Dihydropyridine calcium channel blockers and the progression of parkinsonism

Abstract

Objective: A study was undertaken to test the association between dihydropyridine calcium channel blocker use and the time to important milestones of disease progression among patients with parkinsonism.

Methods: Data were obtained from Ontario's health care administrative databases. Within a cohort of hypertensive individuals older than 65 years who developed parkinsonism, we examined the effect of the length of exposure to less brain-penetrant dihydropyridines (amlodipine) and more brain-penetrant dihydropyridines (eg, nifedipine, felodipine) on parkinsonism milestones as measured by time to requiring drug treatment for parkinsonism, nursing home admission, and death.

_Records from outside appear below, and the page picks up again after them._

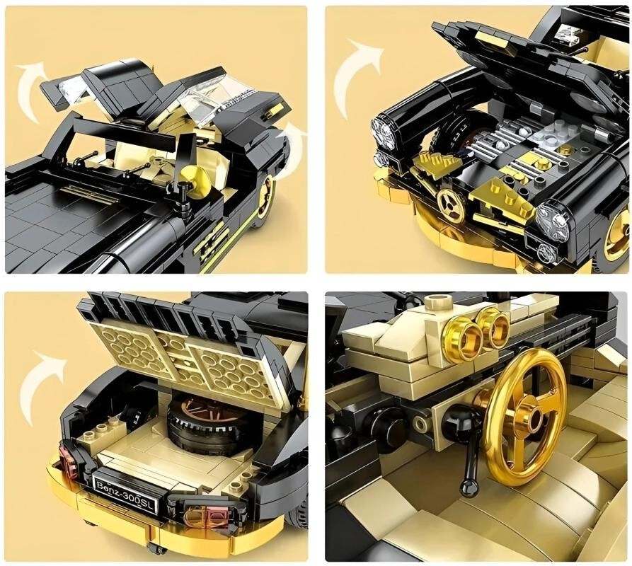 Prejdite sa históriou s modelom ikonického športového kupé 300SL, ktorý v čiernej farbe so zlatými doplnkami stelesňuje eleganciu, silu a nadčasový design. Toto klasické vozidlo zaujme každého milovníka automobilov – či už ako stavebnica na zábavné popoludnie, alebo ako štýlový výstavný kúsok.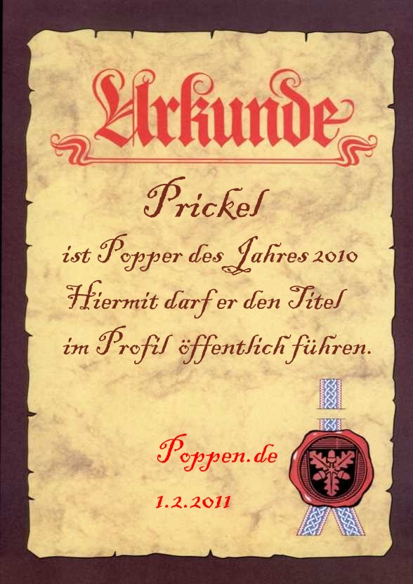 te**** Geschrieben Februar 1, 2011 ... so dass ich nun auch offiziell [SIZE=5]Prickel [/SIZE]zum Popper des Jahres 2010 ernennen darf! ... Herzlichen Glühstrumpf, Prickel!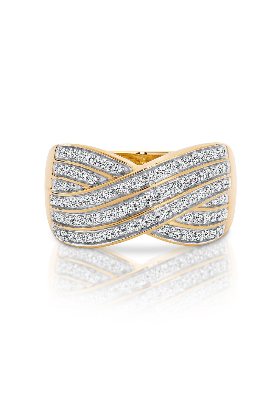 9ct Yellow Gold Diamonds Cross Over Dress Ring 1/2ct TW
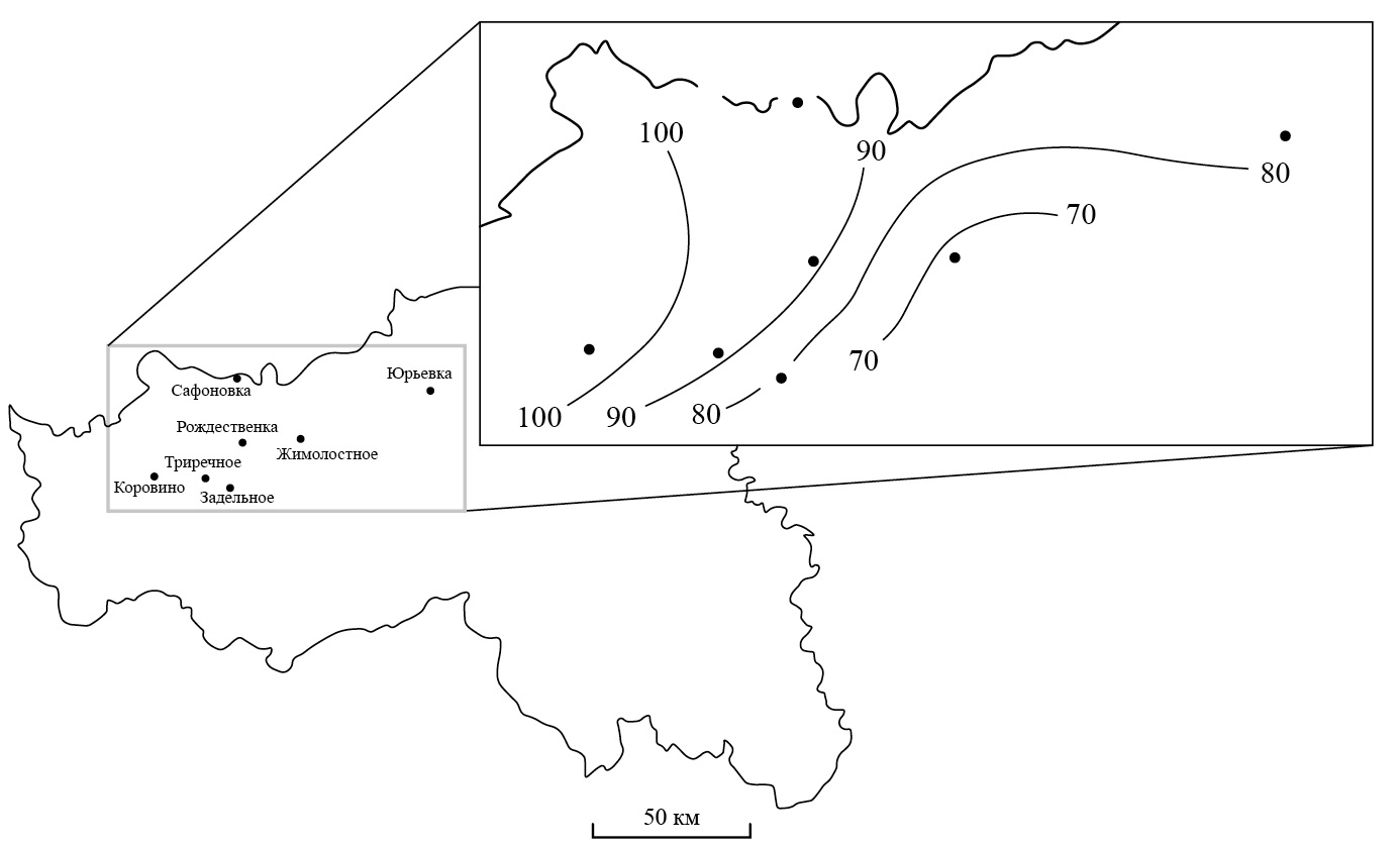 Рис. 7. Изолинейное распределение мощности (см) гумусированной части профилей эталонно значимых черноземов, изученных на 7 ключевых участках сенокосов — выгонов в лесостепной части Белгородской области (юг Среднерусской возвышенности).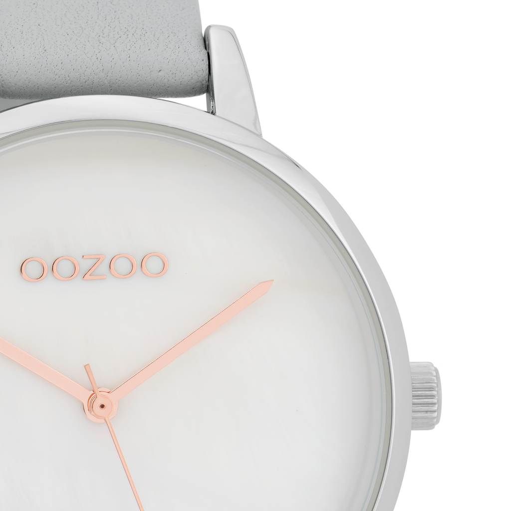 Silver coloured OOZOO watch with stone grey leather strap - C9585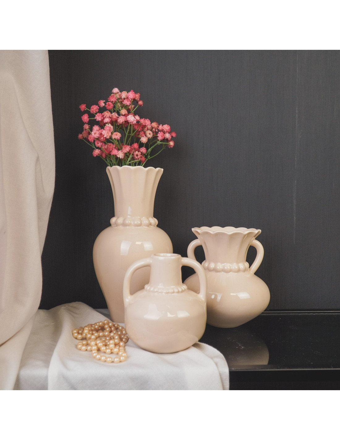 VASE AVEC LE COLLIER DE PERLES - On ne peut jamais avoir assez de vases ! Ce petit vase peut facilement être combiné avec d'autres vases ou bougeoirs. Avec son magnifique collier de perles, ce vase pichet beige a une apparence vraiment unique. Caractéristiques principales : Fabriqué en : Dolomite Dimensions : 14x14x15cm Conseil de style : Le vase pichet couleur sable est également superbe combiné sur un plateau avec d'autres petits vases et bougeoirs, par exemple.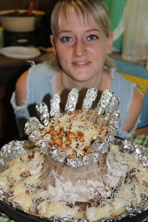 Затем лисички и опять сметана со специями. Оставшийся картофель мы выложили по краям короны.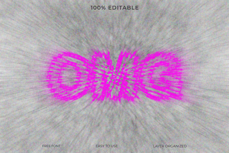 Get this editable Photoshop PSD to create a unique radial motion blur text effect. Perfect for abstract art, poster design, and social media graphics.

Results: Among 4,733 hypertensive individuals with parkinsonism, longer treatment with any dihydropyridine was associated with a decreased risk of each of the 3 outcomes. There was no difference, however, between amlodipine (adjusted hazard ratio [HR], 0.46; 95% confidence interval [CI], 0.42-0.50 for initiation of drug treatment; HR, 0.68; 95% CI, 0.63-0.73 for application for nursing home admission; and HR, 0.75; 95% CI, 0.70-0.80 for death) and nonamlodipine dihydropyridines (adjusted HRs [95% CIs], 0.45 [0.39-0.53], 0.74 [0.67-0.81], and 0.74 [0.64-0.85] for the 3 milestones, respectively).

Interpretation: We found no specific beneficial effect of treatment with brain-penetrant dihydropyridines on delaying parkinsonism progression milestones. Dihydropyridine calcium channel blockers are unlikely to have a clinically significant effect on the course of parkinsonism, particularly Parkinson disease, in the doses used to treat hypertension.